## What to work on:
Render every line of the data exactly as written, and leave out the pictures.

## Material provided:
====

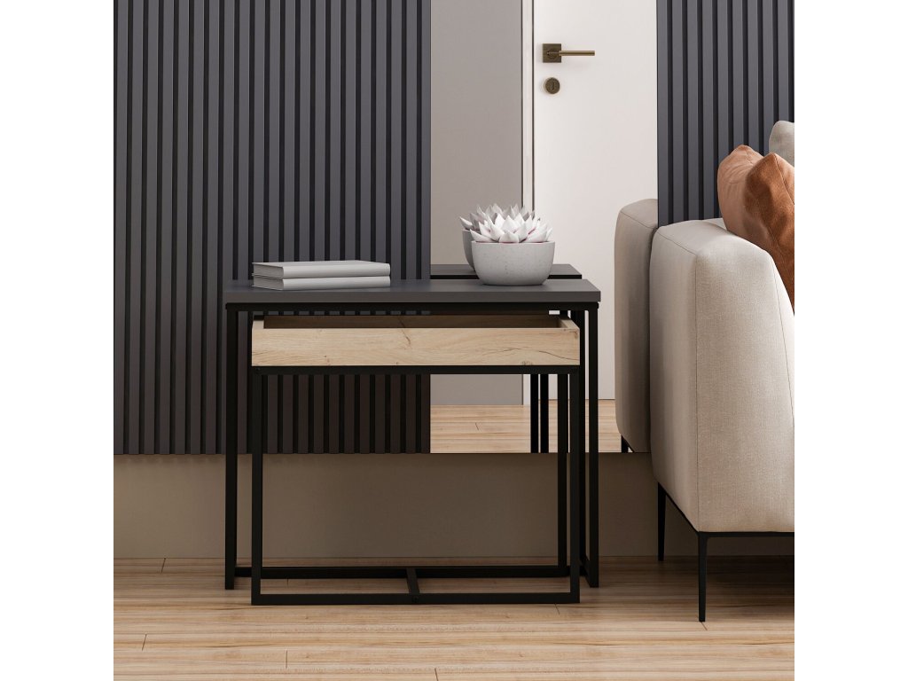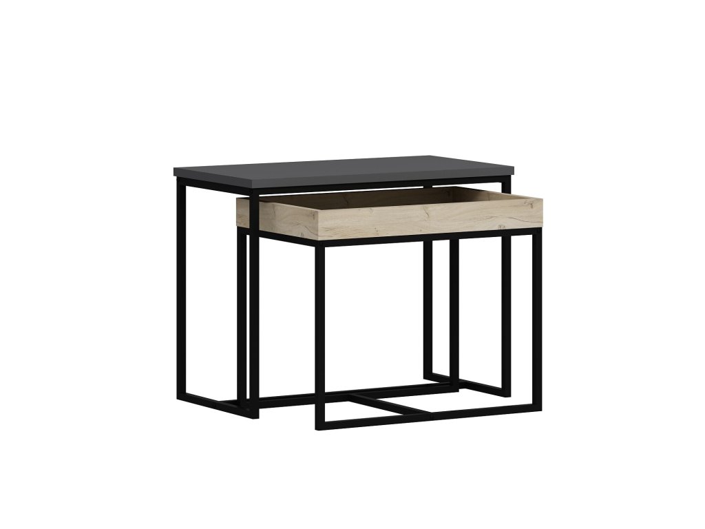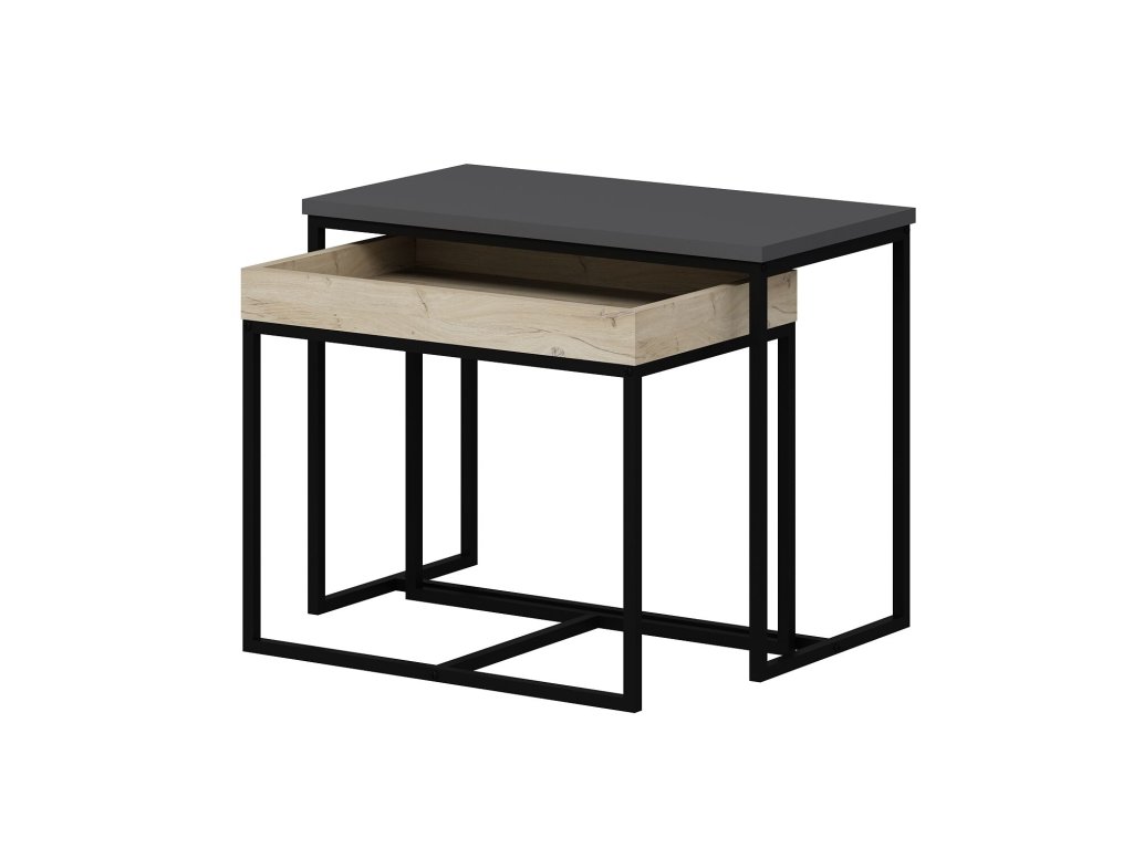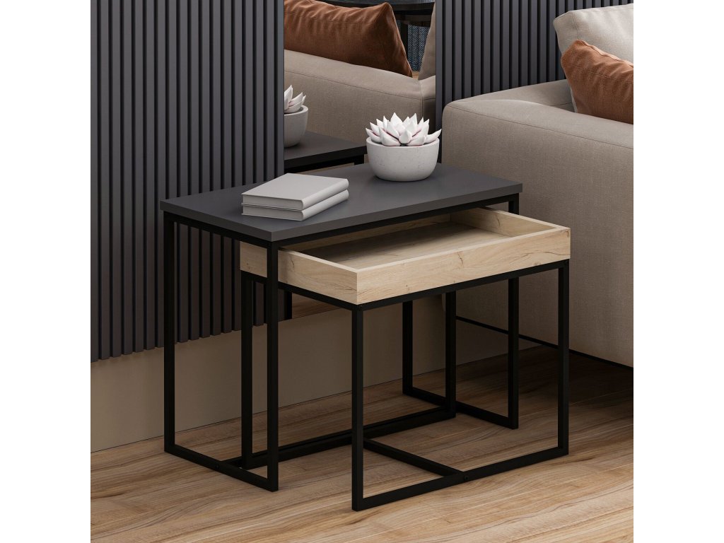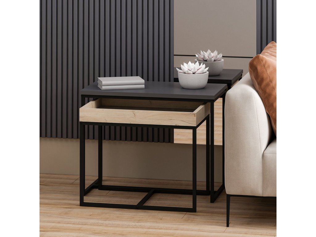 Konferenčný stolík SASHA je moderná a praktická sada dvoch stolíkov, ktoré sa dokonale hodia do každej obývacej izby. Táto zostava zahŕňa väčší stolík s rozmermi 65x35x50 cm a menší stolík, ktorého horná doska je navyše vybavená praktickými okrajmi. Antracitová farba dodáva stolíku elegantný vzhľad, ktorý podčiarkne moderný interiér.
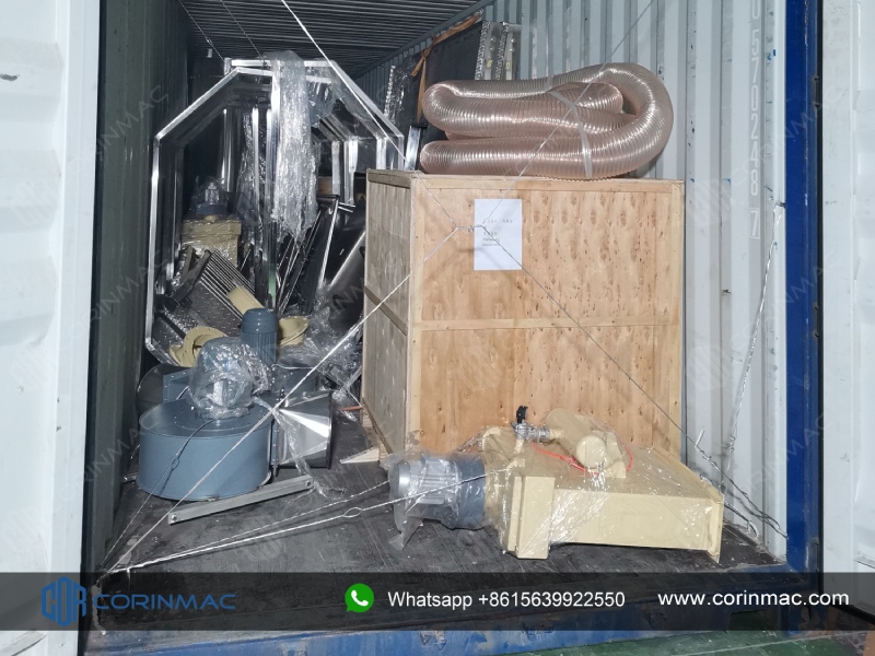 Cement mortar equipment shipped this time including finished product hopper, weighing hopper, screw conveyor, additive storage bin, dust collector, packaging machine, bag feeder, pallet conveyor line, stretch hooder, automatic pallet dispenser, high-level palletizer, incline conveyor belt, inkjet printer, flat conveyor belt, squaring unit, checkweigher, curved conveyor belt, receiving conveyor belt, roll-fed packaging machine, big bag packing machine, air compressor and spare parts etc.
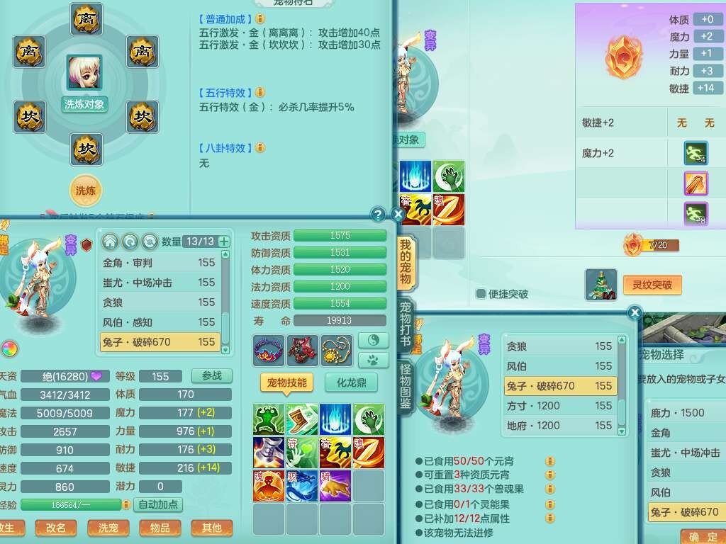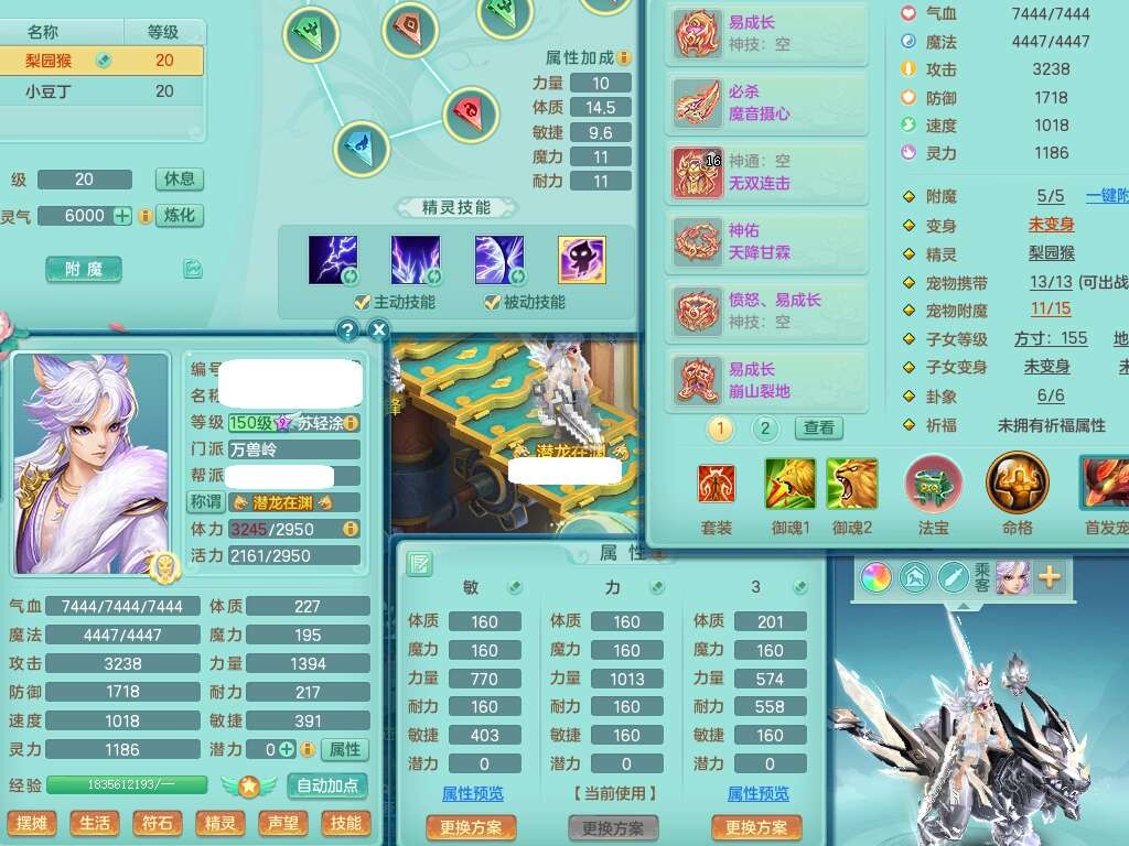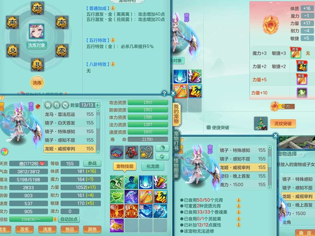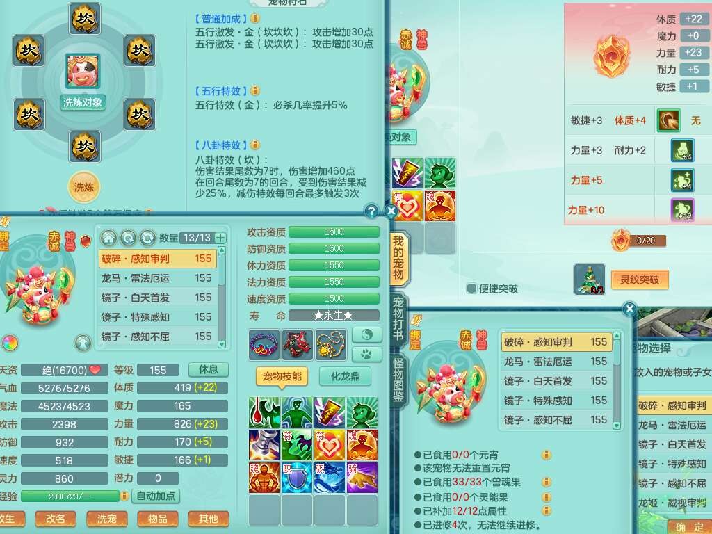 a22252超凡入圣男159男万兽,精灵舞,2内胆神,1破镜,【10觉醒,已潜龙】,8位靓号不含4(AAAABBCC),7宠皮,1特殊(祈雨),3只六技能镜花灵,2只六技能龙姬,易成长单加头,934必杀魔音摄心单加武器,神佑四海链子,愤怒易成长单加腰带,易成长崩山单加54鞋子,5.5基础鼎+70攻+280血,10个纯六字,2个五字,17只满果子,仓库还有101个果子,有30个神兽内丹碎片,2只双人坐骑,暴龙泰坦+逍客+神驹心想事成+火焰之力武器+西瓜冰武器,带11169金币,61天月卡。

====

## Worked solution:
 Konferenčný stolík SASHA je moderná a praktická sada dvoch stolíkov, ktoré sa dokonale hodia do každej obývacej izby. Táto zostava zahŕňa väčší stolík s rozmermi 65x35x50 cm a menší stolík, ktorého horná doska je navyše vybavená praktickými okrajmi. Antracitová farba dodáva stolíku elegantný vzhľad, ktorý podčiarkne moderný interiér.
 Cement mortar equipment shipped this time including finished product hopper, weighing hopper, screw conveyor, additive storage bin, dust collector, packaging machine, bag feeder, pallet conveyor line, stretch hooder, automatic pallet dispenser, high-level palletizer, incline conveyor belt, inkjet printer, flat conveyor belt, squaring unit, checkweigher, curved conveyor belt, receiving conveyor belt, roll-fed packaging machine, big bag packing machine, air compressor and spare parts etc.
 a22252超凡入圣男159男万兽,精灵舞,2内胆神,1破镜,【10觉醒,已潜龙】,8位靓号不含4(AAAABBCC),7宠皮,1特殊(祈雨),3只六技能镜花灵,2只六技能龙姬,易成长单加头,934必杀魔音摄心单加武器,神佑四海链子,愤怒易成长单加腰带,易成长崩山单加54鞋子,5.5基础鼎+70攻+280血,10个纯六字,2个五字,17只满果子,仓库还有101个果子,有30个神兽内丹碎片,2只双人坐骑,暴龙泰坦+逍客+神驹心想事成+火焰之力武器+西瓜冰武器,带11169金币,61天月卡。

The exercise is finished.